## Task prompt
Exact repetition of a range: find the line containing "A family of" and the line containing "Enunciado da Avaliação" in the material below, then repeat both and all lines between them, leaving pictures out.

## Extracted records
■ ■ ■ ■ ■ ■ ■

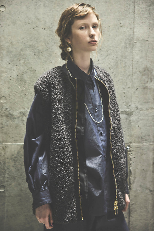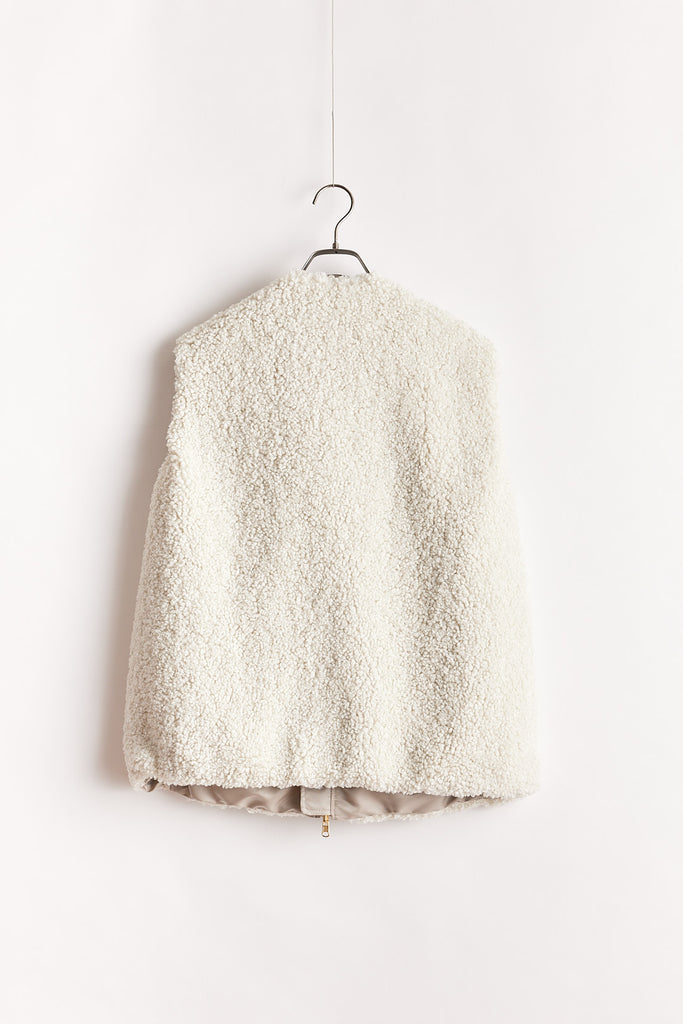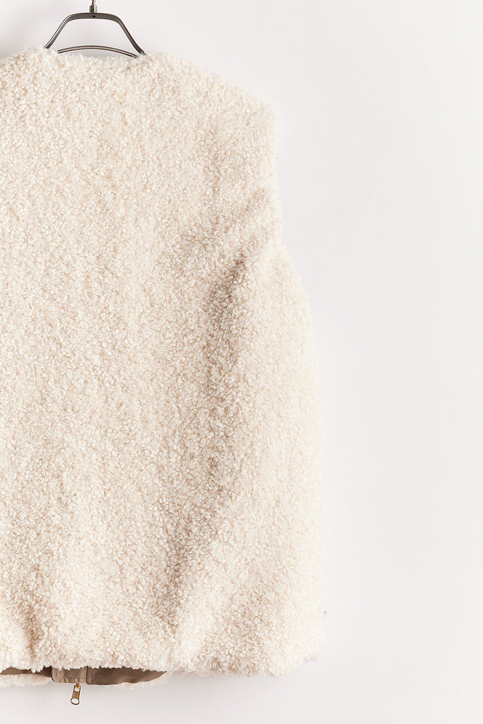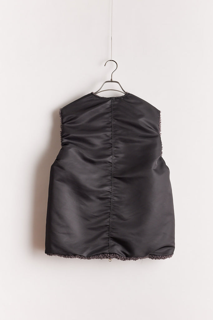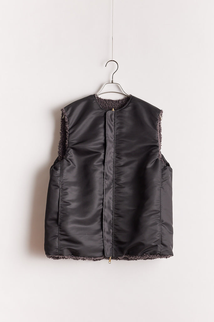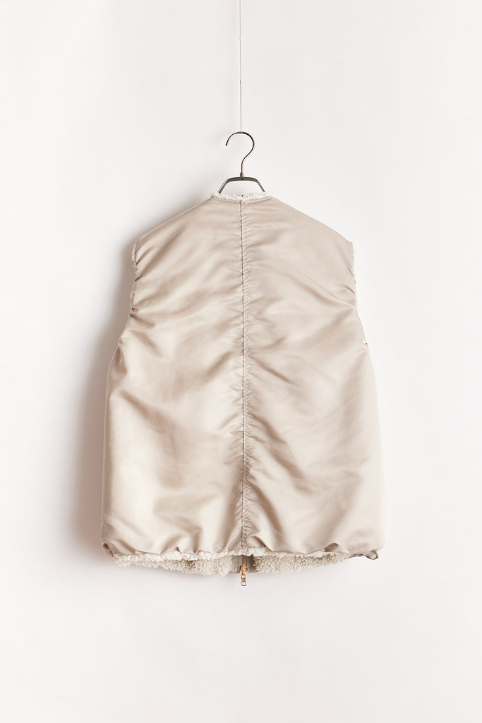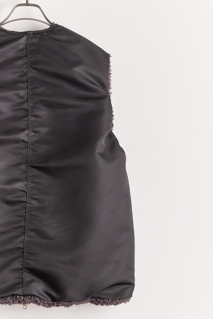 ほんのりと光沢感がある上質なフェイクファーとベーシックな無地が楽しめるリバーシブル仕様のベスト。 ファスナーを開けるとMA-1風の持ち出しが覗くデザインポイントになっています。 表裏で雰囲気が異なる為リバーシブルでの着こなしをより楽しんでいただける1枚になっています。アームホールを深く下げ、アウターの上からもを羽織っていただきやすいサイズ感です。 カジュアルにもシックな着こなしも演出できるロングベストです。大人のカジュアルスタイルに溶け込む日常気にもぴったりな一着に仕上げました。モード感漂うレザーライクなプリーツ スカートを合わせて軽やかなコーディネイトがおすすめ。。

■ ■ ■ ■ ■ ■ ■

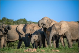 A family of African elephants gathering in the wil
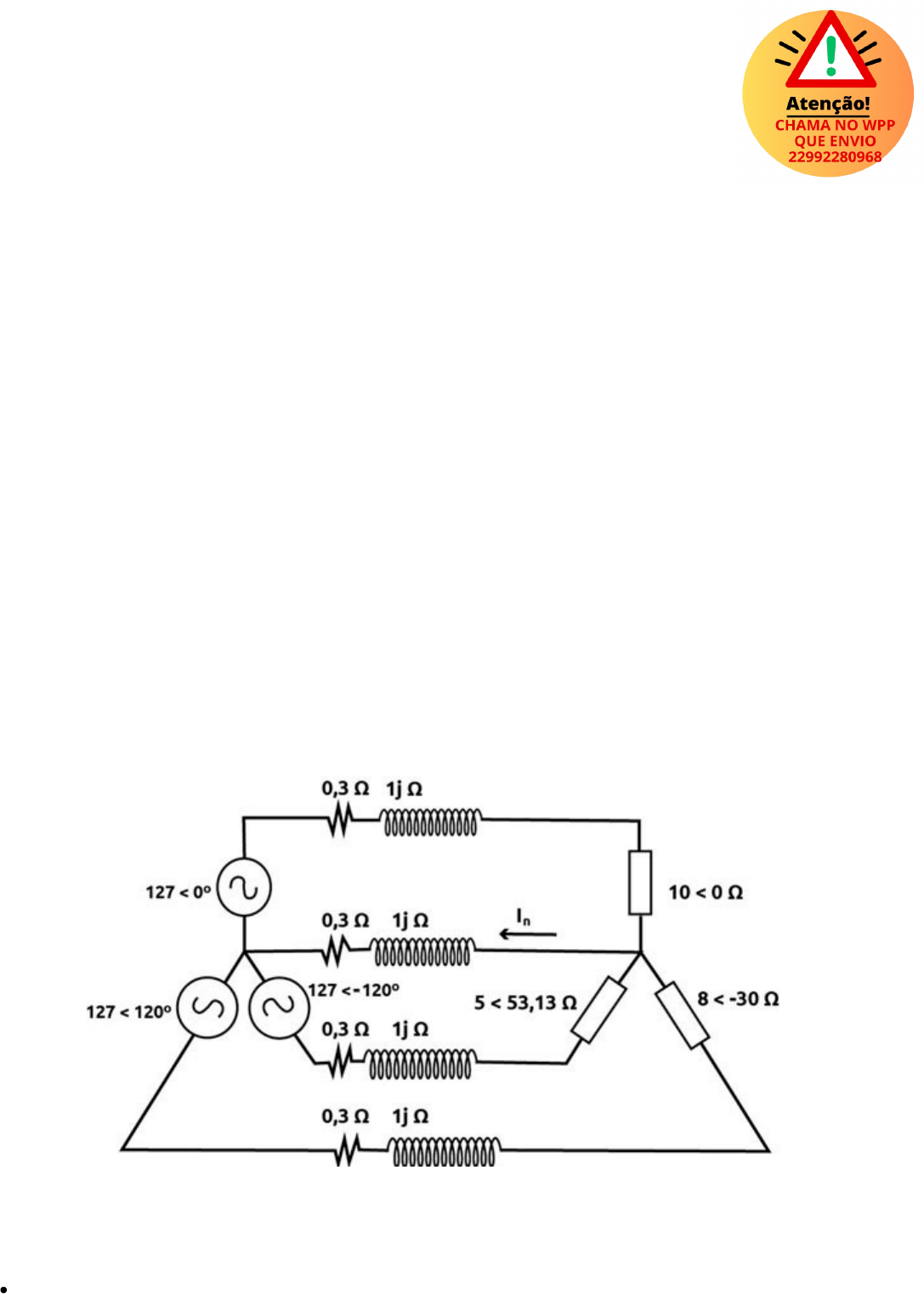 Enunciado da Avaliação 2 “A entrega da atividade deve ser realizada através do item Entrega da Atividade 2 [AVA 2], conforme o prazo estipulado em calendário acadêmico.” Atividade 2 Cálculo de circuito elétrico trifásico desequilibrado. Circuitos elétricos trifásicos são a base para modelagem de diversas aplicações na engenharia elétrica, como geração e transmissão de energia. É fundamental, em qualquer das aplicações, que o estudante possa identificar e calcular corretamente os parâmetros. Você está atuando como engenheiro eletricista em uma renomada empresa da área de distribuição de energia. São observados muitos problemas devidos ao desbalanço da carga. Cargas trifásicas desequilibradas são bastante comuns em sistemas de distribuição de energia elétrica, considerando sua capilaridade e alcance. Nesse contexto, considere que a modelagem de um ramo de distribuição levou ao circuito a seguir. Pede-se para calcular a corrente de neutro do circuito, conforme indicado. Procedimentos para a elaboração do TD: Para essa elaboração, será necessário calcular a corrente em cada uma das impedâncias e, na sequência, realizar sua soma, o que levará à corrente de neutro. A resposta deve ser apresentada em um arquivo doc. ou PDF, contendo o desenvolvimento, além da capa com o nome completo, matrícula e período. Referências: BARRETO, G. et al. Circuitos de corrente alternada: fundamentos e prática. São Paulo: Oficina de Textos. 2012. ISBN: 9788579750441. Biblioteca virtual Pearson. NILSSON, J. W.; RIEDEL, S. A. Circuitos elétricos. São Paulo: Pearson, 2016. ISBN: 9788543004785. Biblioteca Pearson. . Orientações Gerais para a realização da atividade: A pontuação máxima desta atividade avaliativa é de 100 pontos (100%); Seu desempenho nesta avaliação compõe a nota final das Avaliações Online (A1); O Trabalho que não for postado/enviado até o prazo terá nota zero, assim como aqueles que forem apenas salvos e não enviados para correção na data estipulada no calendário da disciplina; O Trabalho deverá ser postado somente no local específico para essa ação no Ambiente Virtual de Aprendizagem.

■ ■ ■ ■ ■ ■ ■

## Written answer
 A family of African elephants gathering in the wil
 Enunciado da Avaliação 2 “A entrega da atividade deve ser realizada através do item Entrega da Atividade 2 [AVA 2], conforme o prazo estipulado em calendário acadêmico.” Atividade 2 Cálculo de circuito elétrico trifásico desequilibrado. Circuitos elétricos trifásicos são a base para modelagem de diversas aplicações na engenharia elétrica, como geração e transmissão de energia. É fundamental, em qualquer das aplicações, que o estudante possa identificar e calcular corretamente os parâmetros. Você está atuando como engenheiro eletricista em uma renomada empresa da área de distribuição de energia. São observados muitos problemas devidos ao desbalanço da carga. Cargas trifásicas desequilibradas são bastante comuns em sistemas de distribuição de energia elétrica, considerando sua capilaridade e alcance. Nesse contexto, considere que a modelagem de um ramo de distribuição levou ao circuito a seguir. Pede-se para calcular a corrente de neutro do circuito, conforme indicado. Procedimentos para a elaboração do TD: Para essa elaboração, será necessário calcular a corrente em cada uma das impedâncias e, na sequência, realizar sua soma, o que levará à corrente de neutro. A resposta deve ser apresentada em um arquivo doc. ou PDF, contendo o desenvolvimento, além da capa com o nome completo, matrícula e período. Referências: BARRETO, G. et al. Circuitos de corrente alternada: fundamentos e prática. São Paulo: Oficina de Textos. 2012. ISBN: 9788579750441. Biblioteca virtual Pearson. NILSSON, J. W.; RIEDEL, S. A. Circuitos elétricos. São Paulo: Pearson, 2016. ISBN: 9788543004785. Biblioteca Pearson. . Orientações Gerais para a realização da atividade: A pontuação máxima desta atividade avaliativa é de 100 pontos (100%); Seu desempenho nesta avaliação compõe a nota final das Avaliações Online (A1); O Trabalho que não for postado/enviado até o prazo terá nota zero, assim como aqueles que forem apenas salvos e não enviados para correção na data estipulada no calendário da disciplina; O Trabalho deverá ser postado somente no local específico para essa ação no Ambiente Virtual de Aprendizagem.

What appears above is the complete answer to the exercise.